### RECORDED INFORMATION:
___
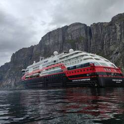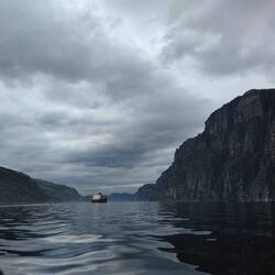 Unsere Einfahrt in den Lysefjord erfolgt mit mystischer Nebelstimmung.
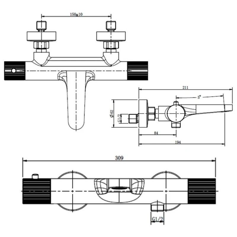 RAK Amalfi Thermostatic Wall Mounted Bath Shower Mixer
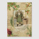 A elegante composição natalícia, com o velho mundo verde-assado Pai Natal, enquadrado por vintage holly, rosas, rosas de cão e pinheiro de ornamentado dourado floresce sobre fundo de sépia angustiado.
___
### TRY IT:
The pictures should be dropped, and every line above should be set down again exactly.

### RESPONSE TO THIS EXERCISE:
 Unsere Einfahrt in den Lysefjord erfolgt mit mystischer Nebelstimmung.
 RAK Amalfi Thermostatic Wall Mounted Bath Shower Mixer
 A elegante composição natalícia, com o velho mundo verde-assado Pai Natal, enquadrado por vintage holly, rosas, rosas de cão e pinheiro de ornamentado dourado floresce sobre fundo de sépia angustiado.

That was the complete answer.